Bullet lists imply a certain presentational output, as @Dmitry pointed out. Lists may be rendered without bullets, for example a list may be rendered a grid. The presentation of ordered and unordered lists can be completely swapped around too. Consider this CSS:

ol {
  list-style-type: disc;
}

ul {
  list-style-type: decimal;
}

In this case, decimal numbers will show up in order next to the unordered list items, but this is purely presentational; the numbers don’t carry semantic meaning. Similarly, if the order of your list matters in any way, for example the intention that the “Home” list item in a navigation list should always appear first, then it’s arguably clearer to use an ordered list, styled without numbers if you don’t want these to be visible (e.g. list-style-type: none).

tin-pot · January 2, 2016, 3:58pm

Wow—21 posts already! The bike shed effect seems to be in full flight … [And yes, I know I have my share in this ]

@chrisalley: I’m a bit confused by you stating whatever is decided should reflect the output more than the input and then going on to—correctly and instructively—pointing out that the output rendering is completely out of the author’s hands. So I assume that should reflect the output does in fact mean the parsing result (aka AST, aka CommonMark DTD element structure).

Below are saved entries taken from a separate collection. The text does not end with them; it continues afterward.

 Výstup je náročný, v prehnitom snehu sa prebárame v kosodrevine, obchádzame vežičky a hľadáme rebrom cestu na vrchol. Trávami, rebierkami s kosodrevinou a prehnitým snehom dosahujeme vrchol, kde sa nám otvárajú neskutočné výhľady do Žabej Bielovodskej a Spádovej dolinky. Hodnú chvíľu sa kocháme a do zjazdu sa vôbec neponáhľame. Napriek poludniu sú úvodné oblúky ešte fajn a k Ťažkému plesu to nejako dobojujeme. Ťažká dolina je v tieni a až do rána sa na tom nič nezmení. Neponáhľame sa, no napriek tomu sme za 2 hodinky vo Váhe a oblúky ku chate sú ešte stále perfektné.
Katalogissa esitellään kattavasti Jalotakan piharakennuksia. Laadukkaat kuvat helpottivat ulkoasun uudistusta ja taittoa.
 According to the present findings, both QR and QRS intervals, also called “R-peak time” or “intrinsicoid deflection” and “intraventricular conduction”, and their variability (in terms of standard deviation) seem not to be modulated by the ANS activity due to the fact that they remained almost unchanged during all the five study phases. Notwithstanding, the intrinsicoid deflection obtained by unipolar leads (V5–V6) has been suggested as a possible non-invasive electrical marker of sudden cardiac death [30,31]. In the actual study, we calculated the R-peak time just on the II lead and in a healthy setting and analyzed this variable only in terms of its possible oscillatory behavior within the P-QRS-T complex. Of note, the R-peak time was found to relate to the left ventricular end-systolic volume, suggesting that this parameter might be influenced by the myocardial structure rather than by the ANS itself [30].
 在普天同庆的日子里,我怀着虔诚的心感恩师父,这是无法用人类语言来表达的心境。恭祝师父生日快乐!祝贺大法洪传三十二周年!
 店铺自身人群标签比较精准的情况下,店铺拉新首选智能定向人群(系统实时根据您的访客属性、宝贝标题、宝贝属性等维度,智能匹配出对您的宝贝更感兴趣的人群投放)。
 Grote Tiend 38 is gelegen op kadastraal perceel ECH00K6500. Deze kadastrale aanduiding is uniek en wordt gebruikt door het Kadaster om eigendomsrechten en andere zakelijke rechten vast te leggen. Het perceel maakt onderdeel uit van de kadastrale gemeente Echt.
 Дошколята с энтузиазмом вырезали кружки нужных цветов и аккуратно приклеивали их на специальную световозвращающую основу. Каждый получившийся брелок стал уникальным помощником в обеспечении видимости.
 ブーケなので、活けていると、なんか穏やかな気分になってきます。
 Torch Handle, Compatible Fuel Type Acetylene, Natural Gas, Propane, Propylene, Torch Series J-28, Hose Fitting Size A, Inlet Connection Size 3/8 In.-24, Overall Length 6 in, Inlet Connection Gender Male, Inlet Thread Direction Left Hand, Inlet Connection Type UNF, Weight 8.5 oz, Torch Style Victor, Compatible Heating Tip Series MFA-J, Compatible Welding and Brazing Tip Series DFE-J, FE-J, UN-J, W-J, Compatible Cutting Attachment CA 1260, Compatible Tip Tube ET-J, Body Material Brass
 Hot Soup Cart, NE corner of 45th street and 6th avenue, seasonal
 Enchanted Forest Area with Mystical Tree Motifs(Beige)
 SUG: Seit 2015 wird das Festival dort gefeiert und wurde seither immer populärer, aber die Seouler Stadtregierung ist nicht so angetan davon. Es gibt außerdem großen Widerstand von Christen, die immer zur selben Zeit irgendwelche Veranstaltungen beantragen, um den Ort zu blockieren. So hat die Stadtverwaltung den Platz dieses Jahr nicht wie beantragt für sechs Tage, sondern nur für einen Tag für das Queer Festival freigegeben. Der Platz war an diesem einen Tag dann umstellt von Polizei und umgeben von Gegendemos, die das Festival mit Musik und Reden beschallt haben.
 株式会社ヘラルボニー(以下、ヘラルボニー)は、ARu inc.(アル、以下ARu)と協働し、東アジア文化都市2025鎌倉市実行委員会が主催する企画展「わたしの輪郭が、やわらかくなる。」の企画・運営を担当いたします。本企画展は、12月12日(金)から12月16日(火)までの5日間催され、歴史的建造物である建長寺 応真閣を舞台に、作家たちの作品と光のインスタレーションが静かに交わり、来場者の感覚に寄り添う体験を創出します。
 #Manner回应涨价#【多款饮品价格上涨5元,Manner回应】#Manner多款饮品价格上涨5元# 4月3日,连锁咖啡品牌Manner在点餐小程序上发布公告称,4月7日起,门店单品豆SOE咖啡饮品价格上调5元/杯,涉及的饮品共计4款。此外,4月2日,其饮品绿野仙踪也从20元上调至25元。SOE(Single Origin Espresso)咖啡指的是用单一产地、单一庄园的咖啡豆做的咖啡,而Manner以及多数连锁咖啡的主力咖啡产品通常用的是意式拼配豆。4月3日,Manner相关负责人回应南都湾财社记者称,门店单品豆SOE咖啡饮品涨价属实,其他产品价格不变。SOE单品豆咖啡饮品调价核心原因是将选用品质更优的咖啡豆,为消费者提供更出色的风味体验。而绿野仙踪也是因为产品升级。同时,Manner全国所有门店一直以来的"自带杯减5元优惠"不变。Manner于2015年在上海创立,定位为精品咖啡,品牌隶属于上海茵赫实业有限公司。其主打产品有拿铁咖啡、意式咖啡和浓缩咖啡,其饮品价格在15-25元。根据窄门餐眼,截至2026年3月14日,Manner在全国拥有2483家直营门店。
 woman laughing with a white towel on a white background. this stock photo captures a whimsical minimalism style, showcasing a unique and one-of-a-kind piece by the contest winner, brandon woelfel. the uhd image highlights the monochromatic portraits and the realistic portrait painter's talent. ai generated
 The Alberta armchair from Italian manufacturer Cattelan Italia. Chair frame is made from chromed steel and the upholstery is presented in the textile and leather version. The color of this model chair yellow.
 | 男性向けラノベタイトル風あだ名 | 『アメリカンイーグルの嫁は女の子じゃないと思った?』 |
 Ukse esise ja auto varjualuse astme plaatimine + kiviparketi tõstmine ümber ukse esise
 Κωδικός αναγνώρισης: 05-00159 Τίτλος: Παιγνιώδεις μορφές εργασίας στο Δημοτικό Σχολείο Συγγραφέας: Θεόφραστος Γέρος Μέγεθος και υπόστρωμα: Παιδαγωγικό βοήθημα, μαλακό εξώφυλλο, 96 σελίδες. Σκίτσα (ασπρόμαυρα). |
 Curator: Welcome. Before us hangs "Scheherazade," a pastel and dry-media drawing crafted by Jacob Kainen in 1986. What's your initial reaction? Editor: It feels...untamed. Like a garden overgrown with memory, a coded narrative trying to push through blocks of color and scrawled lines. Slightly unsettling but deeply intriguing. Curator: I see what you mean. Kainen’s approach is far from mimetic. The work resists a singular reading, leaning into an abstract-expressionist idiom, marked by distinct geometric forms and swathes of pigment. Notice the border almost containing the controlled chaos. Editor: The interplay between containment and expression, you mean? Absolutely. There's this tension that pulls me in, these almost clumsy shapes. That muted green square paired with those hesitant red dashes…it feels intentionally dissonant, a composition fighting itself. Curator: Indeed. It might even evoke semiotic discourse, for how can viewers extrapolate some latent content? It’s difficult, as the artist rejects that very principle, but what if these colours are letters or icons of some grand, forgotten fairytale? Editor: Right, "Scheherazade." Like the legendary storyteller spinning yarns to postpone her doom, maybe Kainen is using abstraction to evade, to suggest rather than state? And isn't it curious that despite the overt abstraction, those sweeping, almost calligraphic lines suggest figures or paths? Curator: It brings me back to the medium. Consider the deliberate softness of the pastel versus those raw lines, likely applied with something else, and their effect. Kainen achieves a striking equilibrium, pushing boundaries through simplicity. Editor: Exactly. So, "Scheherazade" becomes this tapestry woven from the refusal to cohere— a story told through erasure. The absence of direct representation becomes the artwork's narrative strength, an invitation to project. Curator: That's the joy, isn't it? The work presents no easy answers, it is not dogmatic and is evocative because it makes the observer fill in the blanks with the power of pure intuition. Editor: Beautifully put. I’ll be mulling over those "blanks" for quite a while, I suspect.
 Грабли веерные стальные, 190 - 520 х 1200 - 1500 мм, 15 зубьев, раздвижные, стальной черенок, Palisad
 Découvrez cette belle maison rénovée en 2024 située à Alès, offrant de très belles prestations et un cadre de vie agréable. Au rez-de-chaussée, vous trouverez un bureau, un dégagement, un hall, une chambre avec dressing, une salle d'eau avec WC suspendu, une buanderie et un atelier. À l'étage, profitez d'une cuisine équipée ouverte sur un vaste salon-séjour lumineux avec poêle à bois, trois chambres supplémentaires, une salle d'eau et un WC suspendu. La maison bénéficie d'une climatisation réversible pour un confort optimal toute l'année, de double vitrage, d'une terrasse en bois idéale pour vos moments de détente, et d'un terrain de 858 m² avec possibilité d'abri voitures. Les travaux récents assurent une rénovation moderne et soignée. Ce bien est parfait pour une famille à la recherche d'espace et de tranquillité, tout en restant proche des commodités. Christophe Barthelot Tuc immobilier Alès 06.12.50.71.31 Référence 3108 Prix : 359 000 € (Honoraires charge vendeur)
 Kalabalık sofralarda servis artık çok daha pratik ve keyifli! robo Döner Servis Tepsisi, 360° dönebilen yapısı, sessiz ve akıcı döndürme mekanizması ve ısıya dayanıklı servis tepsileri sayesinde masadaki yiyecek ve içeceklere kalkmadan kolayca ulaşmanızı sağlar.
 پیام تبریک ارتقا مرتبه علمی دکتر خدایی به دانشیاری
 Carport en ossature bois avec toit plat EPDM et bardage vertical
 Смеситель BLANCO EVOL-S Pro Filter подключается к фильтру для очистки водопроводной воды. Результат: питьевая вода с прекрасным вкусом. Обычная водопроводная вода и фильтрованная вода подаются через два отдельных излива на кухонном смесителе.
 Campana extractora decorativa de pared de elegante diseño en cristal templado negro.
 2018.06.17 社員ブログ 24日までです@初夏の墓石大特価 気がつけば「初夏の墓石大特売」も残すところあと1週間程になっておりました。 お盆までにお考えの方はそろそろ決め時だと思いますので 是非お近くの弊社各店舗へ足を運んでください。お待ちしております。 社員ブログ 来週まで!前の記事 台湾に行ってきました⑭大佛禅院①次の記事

With which I agree completely, and would thus prefer names which allude to the “two kinds of list” usually found in target document types like HTML, DocBook, “general document”, L^AT_EX and so forth. So far I have only seen these alternative names in common use:

“unordered” and “ordered”: In the ISO 8879 “general document” and HTML DTDs;
“itemized” and “ordered”: In DocBook;
“itemized” and “enumerated”: In L^AT_EX.

In addition, one might take the following “prior art” into account; but I don’t make any claim of completeness for this collection of references.

In contrast to using two (or more) element types for various kinds of lists, the ANSI/NISO Journal Article Tag Set and the (related) ISO Standards Tag Set (ISOSTS) both conflate the two kinds of list into a single element type, <list>, and distinguish them using an attribute list-type with predefined values like "order", "alpha-lower", or “bullet” (sic!). The explanation for “bullet” however reads:

Unordered or bulleted list. Prefix character is a bullet, dash, or other symbol.

So there: “unordered” again.

And just for completeness: The ISO 12083 Electronic manuscript preparation and markup DTD seems to use the same approach when it comes to lists, but simply employs numbers to indicate the “list type”, together with vague “suggestions” (but note the word “bullet” here again!):

<!-- l.types = Suggestions for list types:
              1=arabic, 2=upper alpha, 3=roman, 4=bullet, 5=dash,
              6=unlabelled; if more needed (e.g. lower alpha)
              modify or extend this list as necessary. -->
<!ENTITY % l.types "(1 | 2 | 3 | 4 | 5 | 6) #IMPLIED" >

[ Although the ATTLIST declaration for the <list> element type does not declare the type attribute using NUMBER as the declared value, but references the above parameter entity as a name token group. ]

And another one, this time from ISO/IEC 26300-1:2015, aka OASIS OpenDocument: there’s only one element type for list, unsurprisingly named <text:list> (this is XML!). Pretty much all rendering properties of such a list seem to be specified in an associated “list style”:

Lists may be numbered. The numbering may be restarted with a specific numbering at each list item. Lists may also continue numbering from other lists in order to merge lists into a single, discontinuous list. Whether list numbering is displayed or not depends on the list style being used. [ISO 26300-1:2015, clause 5.3.1]

This “list style” is determined by the attribute style:name in <text:list>, which may be missing. In this case, clause 5.3.2 gives the following advice:

If a list does not have a style:name attribute and therefore no list style is specified, one of the following actions is taken:

If the list is contained in another list, the list style defaults to the style of the surrounding list.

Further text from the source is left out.